There is also the issue of voice services - should a user be forced to take the IP telephony route, or should they have a more flexible option where the mobile and IP telephony worlds meet?
According to Craig Packer, chief executive of FourCast Media, this kind of flexibility is now a pre- requisite in bringing broadband internet packages into the workplace.
The company is offering a complete delivery system including the Quadplayer set top box which provides domestic, business and public utility customers with simultaneous IP television, video on demand, data, and voice, including wireless.
These services are delivered down a single, standard internet connection - either wired or wireless - and designed for users across the board. "The technology is equally applicable in the business environment as in the home," said Packer.
"It also offers significant enhanced communication capabilities for local authorities, schools and colleges, as well as healthcare organisations, professional and financial services and security," he said.
Craig Easley, vice-president of marketing at Carrier Ethernet supplier Actelis Networks, believes it is inevitable that business and residential subscribers will look to maximise the cost and convenience advantages of a single provider of voice, video, internet and mobile services.
However, he said a lack of fibre optic cabling has frustrated operator's plans to deliver quad play services to date.
An alternative to fibre optics is copper, and Easley claims that Carrier Ethernet over copper can provide a 10-fold increase in the bandwidth in the access network over the existing voice-grade wiring.
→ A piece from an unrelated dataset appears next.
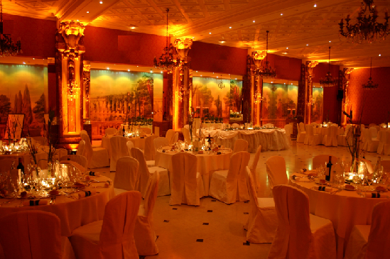 Le Salon Monceau, également situé au rez-de-chaussée offre une superficie de 320m² baignés dans une ambiance envoûtante, avec sa décoration baroque : plafond en caissons, colonnes en marbre rouge, lustres en bronze, tapisserie dans l’esprit XVIIIème et fresques romantiques. Capacité : de 50 à 450 personnes.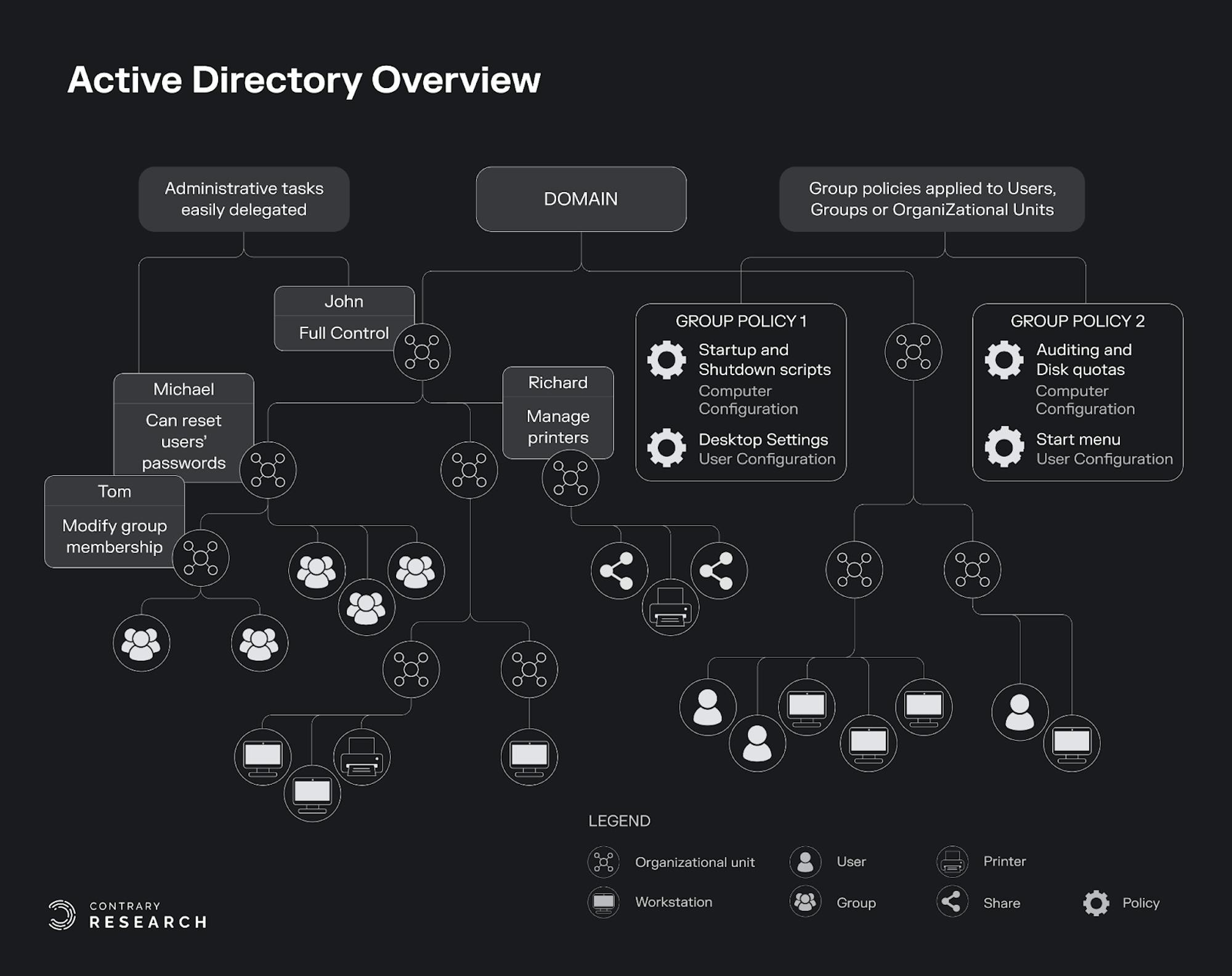 Meanwhile, in 1999, Microsoft previewed Active Directory, the product that would underpin Microsoft’s future in the enterprise and hammer the nail in the coffin for Novell. Active Directory (AD) was (and remains) essentially a database with business logic to service directory requests. AD structures can be objects (printers, servers, etc), principals (users, accounts, groups), or various permutations of objects and principals. Schemas are editable by admins, but every change is propagated throughout the system, leading to massive disruptions and changes when done improperly.

"Delivering high performance Carrier Ethernet services over the copper infrastructure is an attractive way to upgrade the capacity of the access network without the need or expense of deploying a new fibre optic infrastructure," he said.
In business-to-business communications, the advantages of being able to distribute simultaneous video, voice and data streams are unarguable. As mobile technology also comes increasingly online with quad play services - a key direction according to Packer - so it also brings a wide array of new technology devices to market.
Already there are networked VoIP/Wi-Fi telephones, streaming media to mobile devices and many other convergent innovations. This spells opportunity for product suppliers, service providers and early adopter enterprises in equal measure.